NEW YORK (Reuters) – Amid the second-largest gold sell-off since 1983, the casual observer could be forgiven for thinking that investors were dumping bullion in droves.
Initial data suggests otherwise.
The loss of confidence that caused gold prices to fall 10 percent in the four days through Monday has not yet unnerved investors in the leading gold exchange traded fund, nor caused futures traders to close out positions en masse, figures show.
The resilience of retail and professional traders in the face of heavy selling — much of it said stemming from hedge funds eager to dress up end-of-quarter performance or pay margin calls in other markets — supports the idea that bullion’s shudder was a correction, not the end of its run.
It also appears to run counter to some speculation that one or another of the big institutional holders of the SPDR Gold Trust, the world’s largest gold ETF, might have been liquidated. John Paulson’s hedge fund held 7.6 percent of the $65 billion fund as of June 30, data show.
Physical gold holdings by the SPDR dipped only 0.8 percent during gold’s four-day slump, despite prices falling by as much as 15 percent over that period, according to the latest holdings data released on Tuesday.
At its lowest, gold was down more than 20 percent since a record high just four weeks.
The minor dip in holdings is remarkable, because many traders had initially feared that the advent of precious metal ETFs — which five years ago opened up the gold market to many retail and institutional customers by making it as easy to trade as stocks — would inject more volatility into markets.
Instead, those same investors appear to be holding firm to the view that gold is a better long-term bet with the euro debt crisis and a sputtering U.S. economy far from over.
“People are not going to be easily squeezed out of their investment based on longer-term, positive bias toward gold. It’s not a mentality among funds and individual investors that’s going to be easily shaken,” said David Meger, director of metals trading at Vision Financial Markets, a futures brokerage.

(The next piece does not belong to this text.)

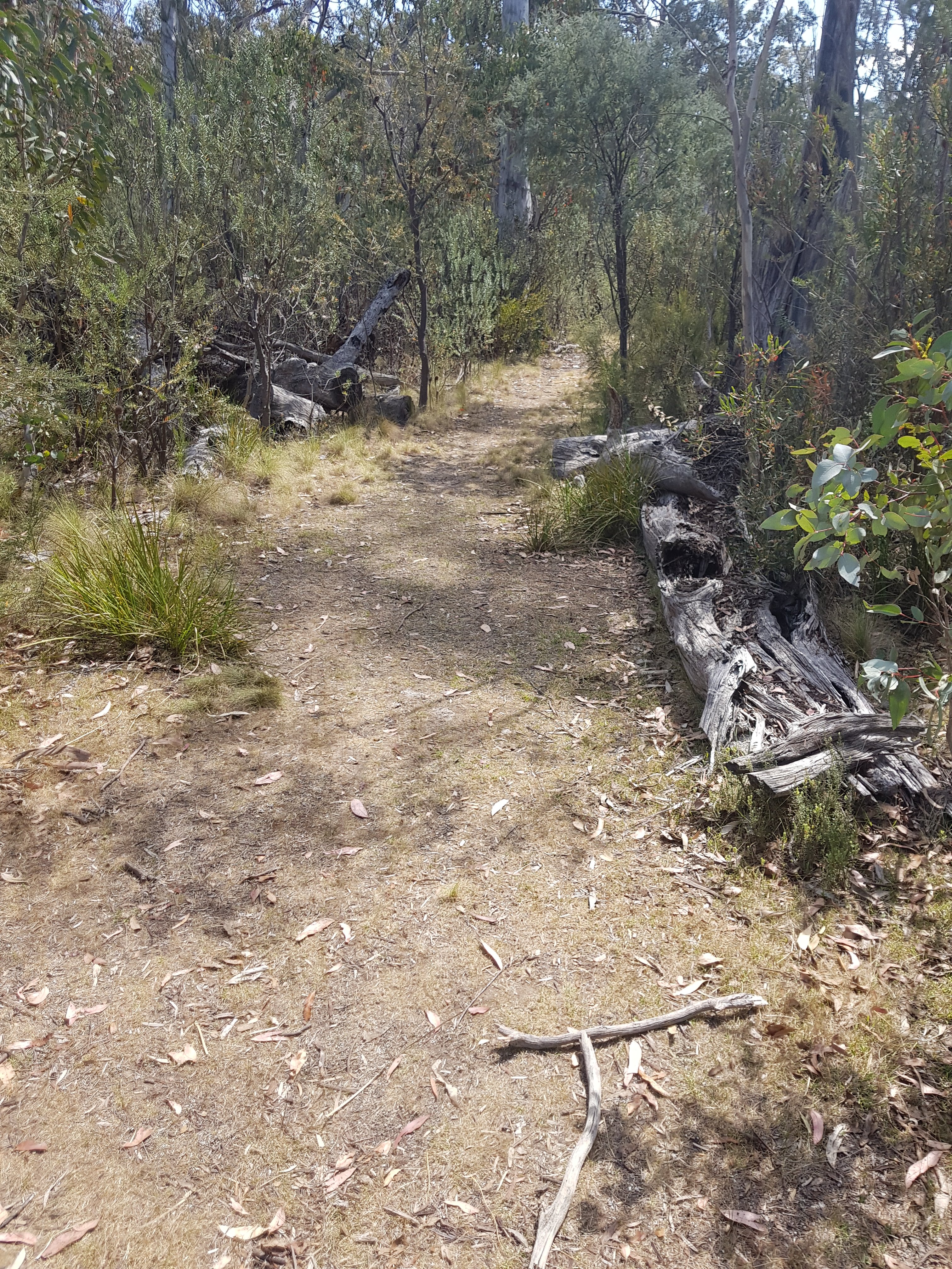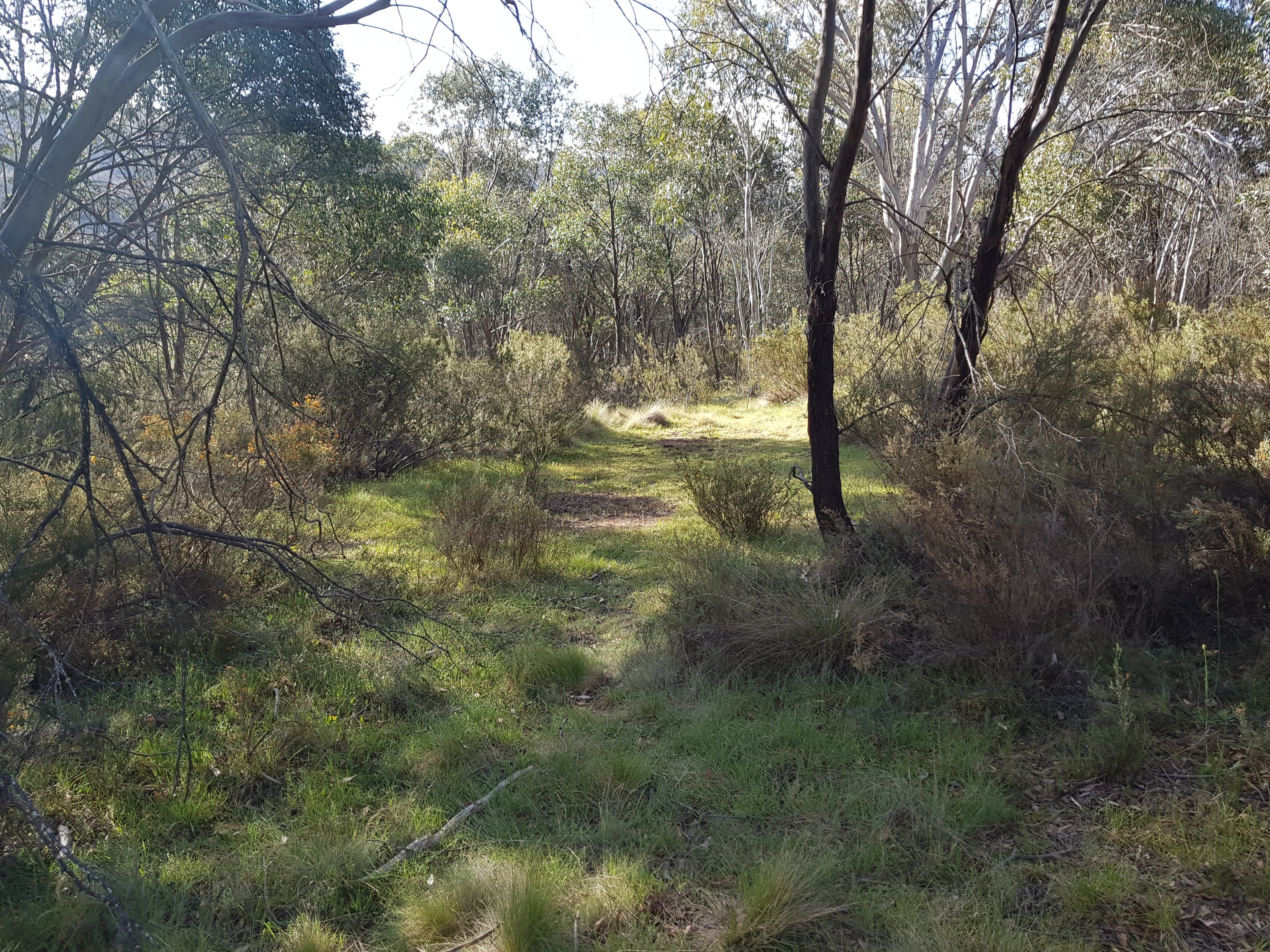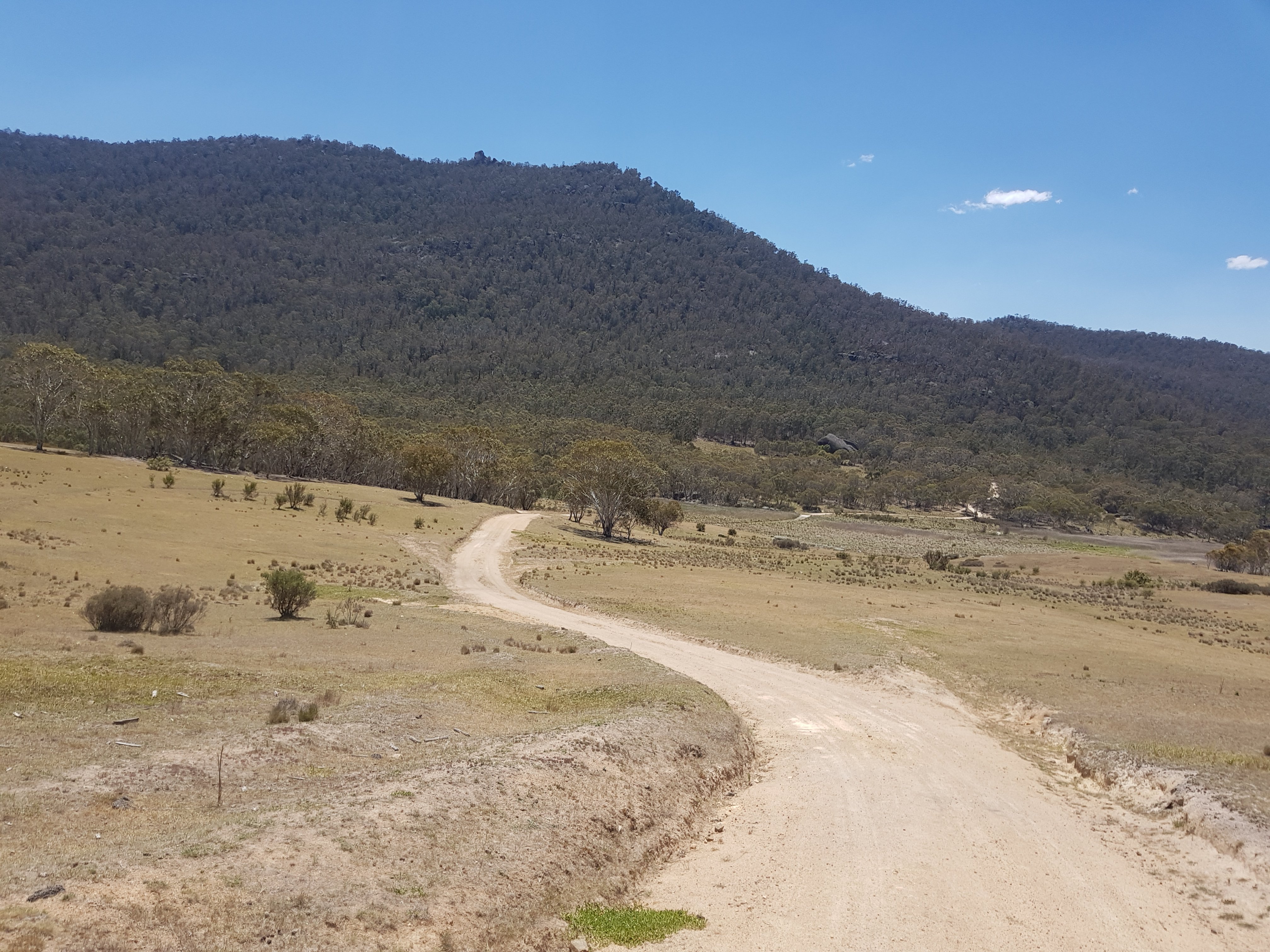 Soon after making it to the top of the hill, the trail left the gravel road and headed into Bimberi wilderness area on a bush track. I collected my first water from Sawpit Creek and was pretty chuffed with myself! It was a pretty small bit of water – I imagine there won’t be any left in another month or so. The track up to Cotter Gap was really lovely and super steep. I made it up by counting to 100 with my snake stick in one hand, then changing hands and starting the count again from 0. I understand why someone said the hills are a bit anticlimactic. At Cotter Gap which was the high point on today’s walk at just under 1400m, there was no amazing view and no mark that you were at “the top”. Just wandered along for awhile then proceeded down an equally steep hill on the other side.

“We really have to see a dramatic fundamental change here to change the overall investment view that gold is a safe haven,” Meger said. “We have seen an aggressive price decline, but fundamentally I don’t believe much has changed.”

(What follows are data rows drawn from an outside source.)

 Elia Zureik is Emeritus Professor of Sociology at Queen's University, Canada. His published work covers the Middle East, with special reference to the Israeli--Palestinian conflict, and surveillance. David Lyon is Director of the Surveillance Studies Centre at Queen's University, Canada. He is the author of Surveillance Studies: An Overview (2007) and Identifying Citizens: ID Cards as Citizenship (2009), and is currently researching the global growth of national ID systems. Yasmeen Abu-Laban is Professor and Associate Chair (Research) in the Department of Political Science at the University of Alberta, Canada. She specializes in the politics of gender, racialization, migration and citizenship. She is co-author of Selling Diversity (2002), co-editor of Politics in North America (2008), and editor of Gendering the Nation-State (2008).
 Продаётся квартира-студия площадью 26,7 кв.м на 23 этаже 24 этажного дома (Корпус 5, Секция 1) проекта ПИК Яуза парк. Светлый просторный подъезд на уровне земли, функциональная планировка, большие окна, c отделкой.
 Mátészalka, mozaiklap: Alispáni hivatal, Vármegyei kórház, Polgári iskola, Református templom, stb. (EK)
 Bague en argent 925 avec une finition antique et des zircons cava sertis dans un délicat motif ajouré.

STRONG INTEREST IN COMEX FUTURES, OPTIONS
There is no sign that other gold investors are heading for the exit either. Total outstanding contracts in COMEX gold futures only dropped less than 2 percent over the last four sessions, while open interest in gold options rose to a record on Friday.
“Within long, passive well-diversified portfolios, you wouldn’t necessarily see substantial selling activity within the gold trust because of a minor sell-off,” said Abraham Bailin, Morningstar’s exchange-traded fund analyst.
Bailin explained that the SPDR Gold Trust is attracting gold investors who want to diversify in the long run.
“Depending on the market sentiment toward gold, the price performance of an asset will not always trigger any inflow/outflow event, certainly not immediately,” Bailin said.
Many market watchers said that the popularity of the gold ETFs has played a key role in fueling the metal’s decade-long bull market. It has rallied from just $250 an ounce in 2001 to around $1,650 on Tuesday.
Gold ETFs offer easy access as they are traded on stock exchanges similar to stocks. Bullion acquired is held by the funds’ custodians and are used to create and back shares of the ETFs.
Since its launch in November 2004, the No. 1 SPDR Gold Trust has bought over 1,250 tonnes of gold in the open market, slightly more than China or Switzerland.
Bullion holdings of SPDR Gold Trust, however, were still sharply below a record of 1,320 tonnes set in July 2010, even as the price of the metal rose to a record above $1,920 an ounce earlier this month.
In late August, SPDR Gold briefly surpassed SPDR S&P 500 ETF to be the world’s biggest ETF.
Kevin Quigg, global head of ETF capital markets at State Street Global Advisors (SSgA), said that SPDR Gold Trust remains the most popular way to invest in gold no matter how the price of gold performs. SSgA is the marketer of the gold ETF.
“Regardless of how people feel about the gold market itself, and how people feel about its portfolio management perspective, the vehicle they are using to express that investment sentiment is the SPDR Gold Trust,” Quigg said.